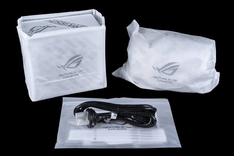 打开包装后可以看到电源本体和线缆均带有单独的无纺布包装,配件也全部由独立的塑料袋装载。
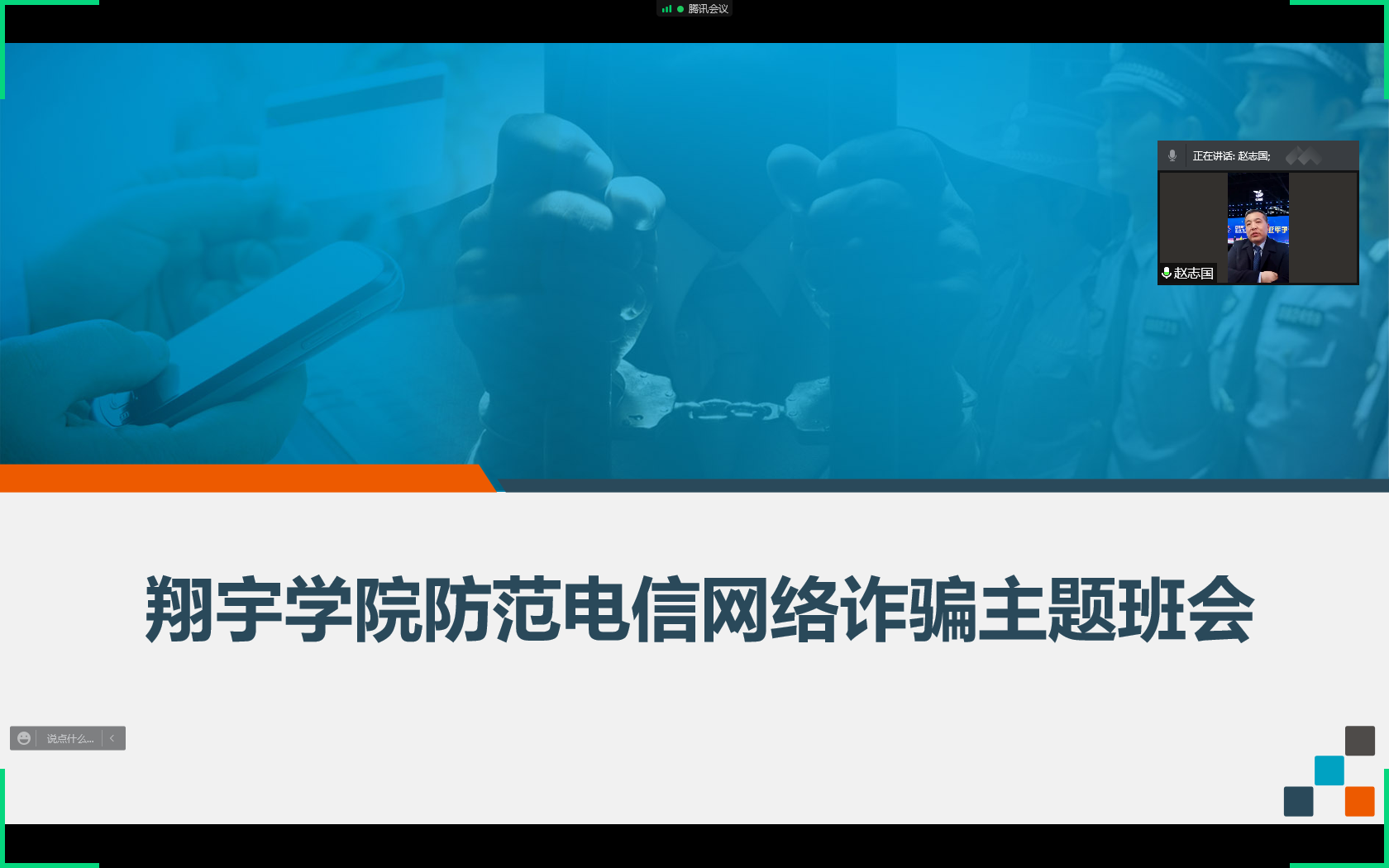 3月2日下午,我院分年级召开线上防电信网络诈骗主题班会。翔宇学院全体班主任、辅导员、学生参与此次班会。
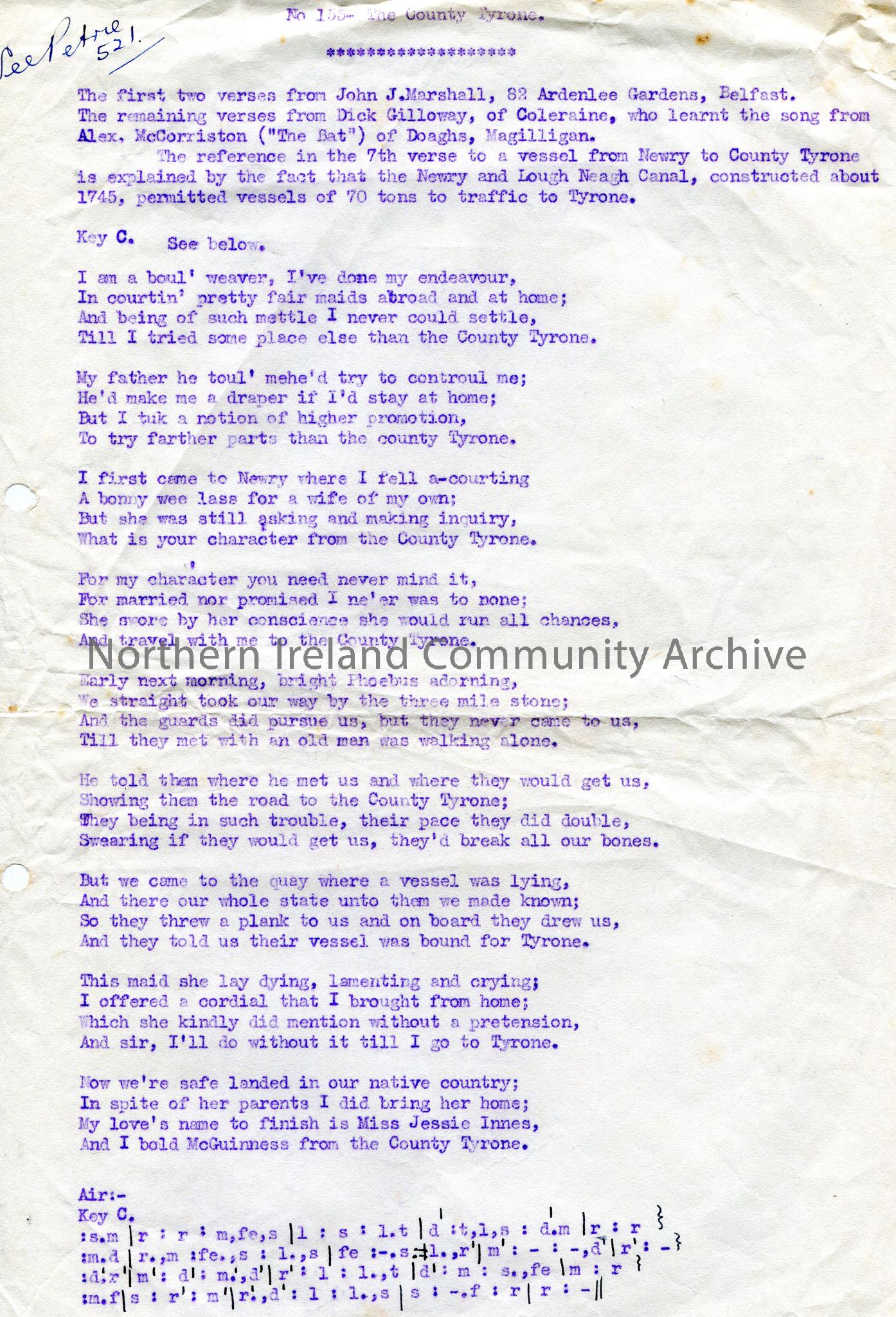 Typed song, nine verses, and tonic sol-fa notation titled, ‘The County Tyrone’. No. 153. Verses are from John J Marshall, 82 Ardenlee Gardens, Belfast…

---

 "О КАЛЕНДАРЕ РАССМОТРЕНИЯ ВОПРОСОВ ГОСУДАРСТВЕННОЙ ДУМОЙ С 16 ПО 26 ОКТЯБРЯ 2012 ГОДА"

**The task:** Working from the entries above, please transcribe only the lines from the line with "打开包装后可以看到电源本体和" through the line with "Typed song, nine", exactly, with both end lines and without pictures.

**Exercise output:**
 打开包装后可以看到电源本体和线缆均带有单独的无纺布包装,配件也全部由独立的塑料袋装载。
 3月2日下午,我院分年级召开线上防电信网络诈骗主题班会。翔宇学院全体班主任、辅导员、学生参与此次班会。
 Typed song, nine verses, and tonic sol-fa notation titled, ‘The County Tyrone’. No. 153. Verses are from John J Marshall, 82 Ardenlee Gardens, Belfast…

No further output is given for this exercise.